The Evolution of Fraud Theory
Awal Penipuan
Kejahatan keuangan
dan penipuan mungkin sudah ada sejak awal perdagangan. Keay (1992), Robins
(2007), dan lainnya melaporkan kejadian pertama penipuan laporan keuangan perusahaan
publik di British East India Company pada akhir 1600-an.
Kejahatan keuangan dan
penipuan mungkin telah ada sejak awal perdagangan. Woodward et al. (2003)

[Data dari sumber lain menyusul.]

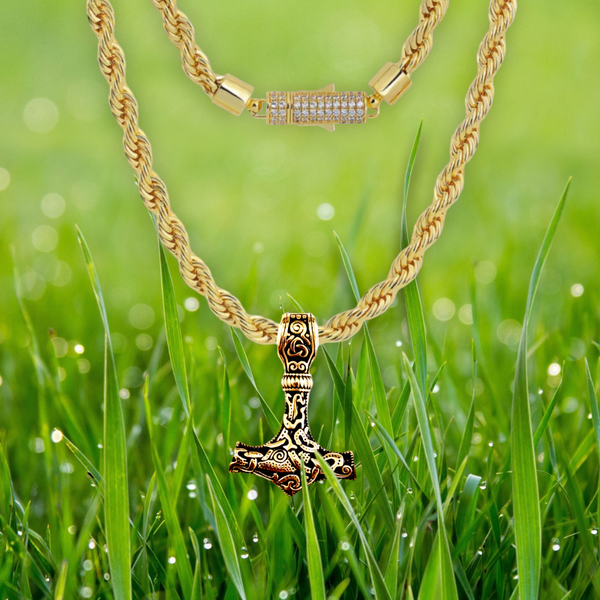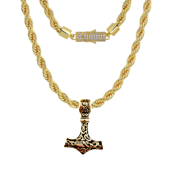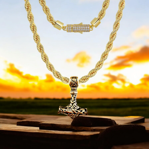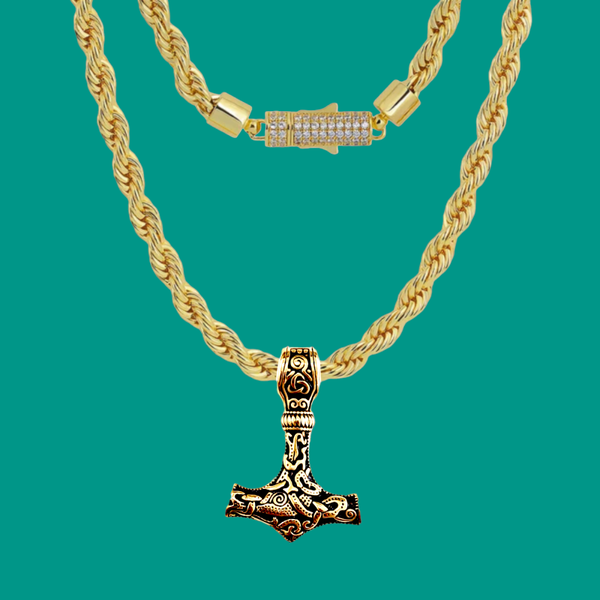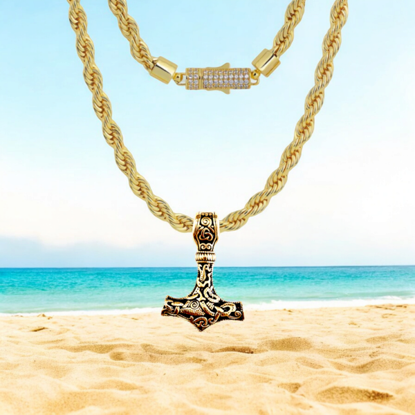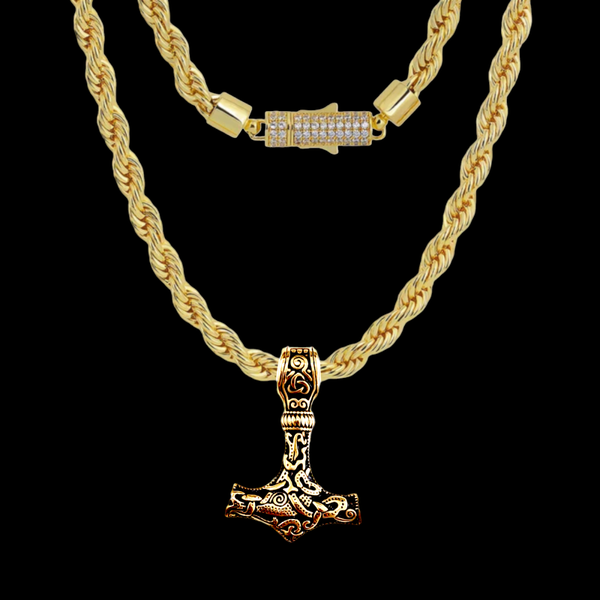 - C'est un beau collier avec un pendentif, en chaine torsadée, acier inoxydable, 5mm, plaqué or 18k. Le pendentif mesure 4,5 cm.

mencatat penggunaan biometrik dasar ribuan tahun yang lalu sebagai cara untuk
mengidentifikasi pedagang-terpercaya kesimpulan adalah bahwa pelaku pasar dapat
dipercaya telah ada sejak manusia mulai berdagang.
White-Collar vs
Kejahatan lainnya
Sutherland (1940, 1944) membedakan penjahat kerah putih dari penjahat kekerasan lainnya dalam tiga cara. Pertama, ia berpendapat bahwa status profesional dalam masyarakat menciptakan suasana baik kekaguman dan intimidasi. Kedua, karena status profesional, ada kurang ketergantungan pada sistem peradilan pidana tradisional, dan hukuman yang lebih rendah biasanya diterapkan (i.n., tindakan sipil SEC). Ketiga, kejahatan kerah putih yang kurang terlihat dari kejahatan kekerasan karena beberapa alasan: konsekuensi yang ditanggung oleh masyarakat dapat disebarkan periode yang lebih lama, tindakan tersebut dapat menyebar di antara banyak individu, dan korban mungkin lebih sulit untuk mengidentifikasi dan tidak terorganisasi dengan baik.
Segitiga Penipuan
Fraud triangle adalah teori yang dikembangkan oleh Donald R Cressey (1950, 1953) dalam mengamati penyebab terjadinya kecurangan. Disebut dengan fraud triangle adalah karena dalam proses kecurangan yang terjadi, ada tiga tahap penting yang memengaruhi seseorang untuk melakukan kecurangan. Pertama adalah tekanan atau pressure ini berhubungan dengan niat seseorang dalam melakukan kecurangan. Seseorang yang melakukan fraud pasti memiliki motivasi atau dorongan tersendiri. Kedua adalah Peluang atau opportunity adalah kesempatan seorang pekerja untuk melakukan tindakan kecurangan. Kesempatan untuk melakukan fraud biasanya disebabkan oleh beberapa hal, di antaranya : Kontrol dari perusahaan yang masih lemah; SOP yang berjalan tidak kondusif; Adanya multijob pada seorang karyawan;Situasi kerja kurang kondusif. Ketiga adalah
Rasionalisasi. Ketika tindakan fraud telah terdeteksi, biasanya pelaku akan memberikan alasan yang rasional sebagai bentuk pembelaan diri. Rasionalisasi ini terjadi untuk menjadikan kesalahan yang terjadi adalah tindakan yang wajar dilakukan. Contoh alasan yang sering digunakan pelaku fraud adalah, alibi gaji yang diberikan tidak sesuai dengan keuntungan yang sudah diterima perusahaan.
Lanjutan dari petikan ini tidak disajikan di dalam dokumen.